Geurink Paul, Klein Theo, Leeuwenburgh Michiel, van der Marel Gijs, Kauffman Henk, Bischoff Rainer, Overkleeft Herman
Department of Bio-organic Synthesis (BioSyn), Leiden University, PO Box 9502, 2300 RA Leiden, The Netherlands.
Org Biomol Chem. 2008 Apr 7;6(7):1244-50. doi: 10.1039/b718352f. Epub 2008 Feb 22.

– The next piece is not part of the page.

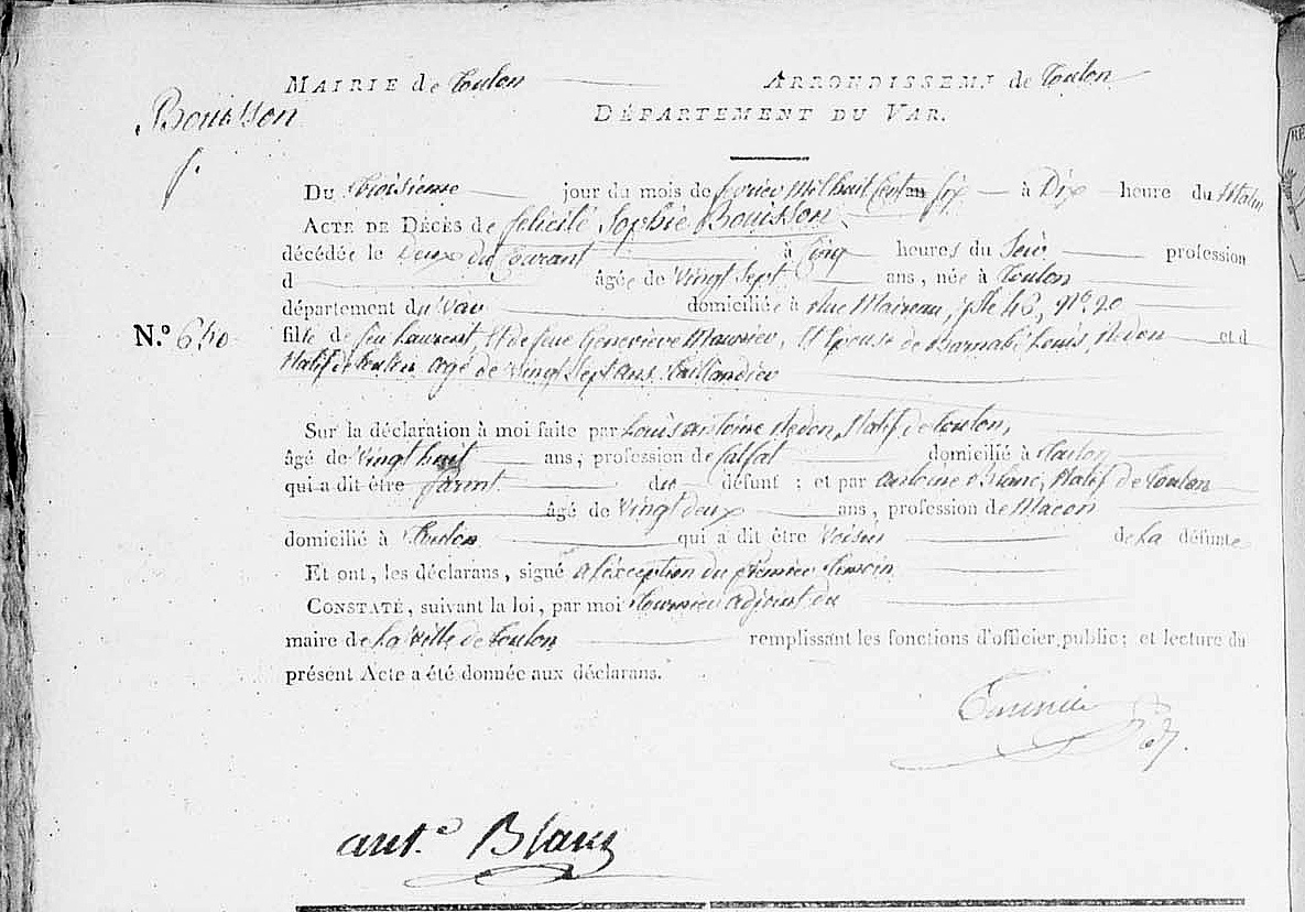 Naissance : 1778 à Toulon 83000 Décès : 2 février 1806 à Toulon 83000 rue Mairaud n°20

A compound library of 96 enantiopure N-terminal succinyl hydroxamate functionalized peptides was synthesized on solid phase. All compounds were tested for their inhibitory potential towards MMP-9, MMP-12 and ADAM-17, which led to the identification of both broad spectrum inhibitors and metalloproteinase-selective ones. Eight potent and less potent inhibitors were immobilized on Sepharose beads and evaluated in solid-phase enrichment of active MMP-9, MMP-12 and ADAM-17. In addition, one of these inhibitors was used for solid-phase enrichment of endogenous ADAM-17 from a complex proteome (a lysate prepared from cultured A549 cells).
在固相上合成了一个包含96种对映体纯的N-末端琥珀酰氧肟酸官能化肽的化合物库。测试了所有化合物对MMP-9、MMP-12和ADAM-17的抑制潜力,从而鉴定出了广谱抑制剂和金属蛋白酶选择性抑制剂。将8种强效和低效抑制剂固定在琼脂糖珠上,并在活性MMP-9、MMP-12和ADAM-17的固相富集实验中进行评估。此外,其中一种抑制剂被用于从复杂蛋白质组(由培养的A549细胞制备的裂解物)中固相富集内源性ADAM-17。